Rodei por entre outras tantas lojas e números do Alecrim. Então me indicaram o Fábio. Cheguei lá, uma quinta-feira, por volta de meio-dia, e o Fábio ainda não havia chegado. Péssimo sinal. Era uma loja para conserto de celular. Nenhum indicativo de que consertavam computadores. A não ser o que haviam me dito. Seguindo minha razão – não meus instintos de presa – decidi esperar. Acomodei-me no banco da recepção, apesar de não ter sido convidado a entrar pelo cara que consertava os celulares, preocupado que estava olhando as garotas na calçada e em acender seus cigarros. Não me dirigiu a palavra. Saí, voltei. Fábio? Nada.
Era quase uma hora quando entrou um homem com cara de poucos amigos e cruzou o balcão. “Ressaca ducaralho”, disse ao ar, passando por mim, sem ao menos olhar de lado. “É o Fábio?”, perguntei ao cara que estava fumando na calçada, vendo as meninas. “É”, respondeu-me, não sem antes lançar uma bafoarada. Não tive o que fazer a não ser correr atrás do Fábio.
“Fábio?”, indaguei, meio sem jeito, abrindo a porta de um compartimento escondido aos fundos da loja. O sujeito alisando a barriga, franzindo a testa, mediu-me dos pés à cabeça. Continuei:
“…É que meu computador tá com problema, eu já vim aqui várias vezes…” – Fábio era minha última chance. Eu não sei escrever versos em guardanapos de papel nem sei bater nas teclas de uma máquina de datilografia. Fábio, calado, apenas acenou com a mão, pedindo para pegar o computador. Expliquei. Daí o sujeito já foi tirando os parafusos. “Ah… Quanto custa?”. Olhou para mim, ficou calado por alguns segundos. “Setenta e cinco.” Deve ter percebido meu olhar de Gato de Botas. “Caralho, ressaca ducaralho! Num atendo mais ninguém nessa porra!”.

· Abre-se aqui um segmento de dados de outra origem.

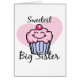 Unser SÜSSESTER Entwurf der GROSSEN SCHWESTER ist eine niedliche Weise, zu zeigen, wem die große Schwester in Ihrer Familie ist. Aufmachung eines süßen lächelnden kleinen Kuchens mit rosa Zuckergusse und der großen roten Kirsche auf die Oberseite gegen ein rosa Herz. PinkInkArt Vorlage!

Meu amigo Fábio, que eu havia acabado de conhecer, enquanto desmontava o computador, discorria sobre suas conquistas amorosas, farras. Falava-me sobre “Cabeça Branca”, “Chocolate”, todos companheiros de orgias homéricas. Eu, lá do meu canto, assentia com a cabeça – como se também os conhecesse – falando de grandes porres que também já havia tomado, ao mesmo tempo que observava todas as peças no balcão, e pensando: Será que vão voltar para o mesmo lugar… Parecem tantas… E tão espalhadas. “Ressaca ducaralho! Vô já ali tomar outra, pra vê se passa”, dizia meu amigo Fábio, que agora se empolgava mais, enquanto desmontava o computador conversando com outro amigo que havia encostado na bancada, convidando-o para beber, e Fábio querendo terminar logo o trabalho. Pensei no pior. Porém, em menos, bem menos que imaginava, Fábio havia concluído – e ainda colocado peças sobressalentes! A velha máquina funcionando. Exatamente quando estamos fudido e um amigo vem e nos paga aquela cerveja.